Особенно ярко этот творческий принцип Дикса проявляется в портретах. Художника интересовали прежде всего темные стороны человеческой натуры. Декаденствующая среда Веймарской Республики представляла Диксу богатый материал для выбора. Целая галерея веймарского декаданса проходит перед нами в его портретах: журналистка Сильвия фон Хаген в элегантно изломанной позе с сигаретой в руке. Чулок спущен, в руке – бокал с коктейлем. Она сквозь монокль созерцает затуманенным (алкоголем? наркотиками?) взором пустоту. Или знаменитая танцовщица-лесбиянка Анита Бербер, умершая от наркомании, когда ей не было еще тридцати лет. Или сам похожий на сумасшедшего врач-психиатор и писатель Генрих Задельманн, финансировавший в свое время движение дадаизма в Мюнхене, так как считал дада достойным изучения видом душевной болезни общества...

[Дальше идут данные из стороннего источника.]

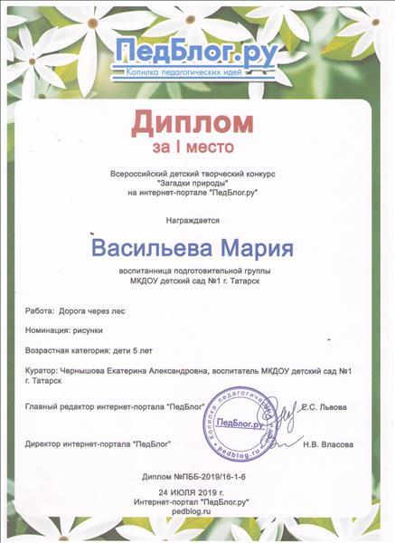 | Диплом за I место Всероссийский детский творческий конкурс "Загадки природы"

Дикс не осуждает, он свидетельствует, за социальной респектабельностью его персонажей проступают зловещие черты их характеров или профессий. Врач Ганс Кох на портрете со шприцем руке и взглядом фанатика-садиста больше похож на палача в окружении орудий своего ремесла, чем на врачевателя людских болезней; лицо известного берлинского дельца Альфреда Флейхгейма выдает хитрость и профессиональный расчет торговца картинами... Даже в портретах близких людей, друзей и покровителей Дикс не изменяет своей острой объективности. Директор городского музея Дрездена Пауль Шмидт, который одним из первых стал покупать работы Дикса для музейного собрания и даже при Гитлере поддерживал художника, смотрит на нас с кукольно-инфантильным безразличием; адвокат Фритц Глазер с подчеркнуто выраженными семитскими чертами лица погружен в нерадостные раздумья, беспомощный жест его сцепленных рук выдает беззащитность и одиночество человека перед лицом надвигающихся событий. Лик времени, создать который Дикс считал своей целью, воплотился наиболее ярко не в ужасах написанных им сцен садистских убийств и борделей, а в психологии его портретов.

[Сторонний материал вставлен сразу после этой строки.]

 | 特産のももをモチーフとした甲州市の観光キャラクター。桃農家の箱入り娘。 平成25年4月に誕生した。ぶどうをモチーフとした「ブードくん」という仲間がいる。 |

К концу 20-х годов репутация Дикса как одного из крупнейших художников Германии окончательно утвердилась. В 1927 году он занял пост профессора Дрезденской академии, в 31 году его избирают в члены Прусской академии в Берлине... Однако приход к власти Гитлера кладет конец его блестящей карьере. На первых порах отношение нацизма к искусству Дикса было двойственным. Его приверженность к национальной немецкой культуре и его ретроспективный реализм частично укладывались в рамки официальной эстетики национал-социализма. Нацисты из числа "либеральных" выражали надежду, что Дикс "последует добрым советам своих друзей и утвердится на новой почве". Но когда их рекомендация легла на стол новому премьер-министру Саксонии, его резолюция на полях была однозначной "эта свинья еще жива?" В апреле 1933 года Дикс получает извещение об исключении его из Дрезденской академии. В документе значится: "Ваши картины представляют собой величайшее оскорбление чувству морали и, следовательно, являются угрозой для морального возрождения нации". После этого Дикс с женой и детьми отправляется в добровольную ссылку в глухую провинцию на юге Германии.

В это время художник обращается к библейским сюжетам, которые превращаются у него в аллегории страхов и надежд человечества в судьбоносный момент своей истории. Одно за другим появляются полотна "Искушение святого Антония", "Святой Кристофор" и, наконец, "Семь смертных грехов", где жуткий карлик с усами Адольфа Гитлера и бегающими глазами восседает на мерзкой старухе.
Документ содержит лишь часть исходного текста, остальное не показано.